“On mentioning this circumstance to Dr. Johnson, he said that ‘if Mr. Cole had scribbled in the margin of his books merely to give vent to his thoughts, it was a very harmless amusement; but then he ought to have ordered them to be burnt at his death: that if it arose from malignity, it argued a very base disposition, especially in the case of Mr. Walpole, with whom he kept up a friendly correspondence to the last. If however a man found he could not restrain his ill-humour within bounds, it would be much the shortest and fairest way’ (he added, with a smile) ‘to keep one fair paperbook, for the purpose of abusing all his acquaintance.’

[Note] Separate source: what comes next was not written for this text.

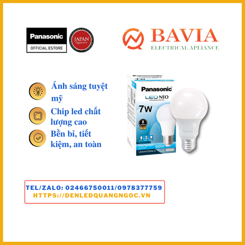 Đèn LED Neo Bulb PANASONIC 5W thiết kế dạng tròn, công suất nhỏ thường dùng để chiếu sáng và trang trí trong nhà. Tuổi thọ đèn cao tiết kiệm điện năng tiêu thụ so với đèn thường. Vỏ đèn Bulb tròn được làm từ nhựa cao cấp, bền bỉ với tác động vật lý bên ngoài, khả năng vỡ thấp.

“This Mr. Cole had another practice that seems hardly justifiable[1] in the extent to which he carried it. He kept all the letters he received, especially from literary persons, and pasted them into a large book. This, with all his other manuscript collections, he has devised to the British Museum, but ordered them not to be opened for thirty years. By that time, the anecdotes they contain will have little value; and most of those who take an interest in them will be dead. I should like much to see Mr. Walpole’s letters, he being a very lively and entertaining writer. My friend, Mr. Jephson, the author of several excellent tragedies, has had many letters from him, some of which I have seen, containing much good criticism on plays and playwriters.”
- ↑ Why not? Literary history without them would be of little interest. How much should we lose in authentic contemporary history and anecdote, were those of one of the parties mentioned here (Walpole) suppressed?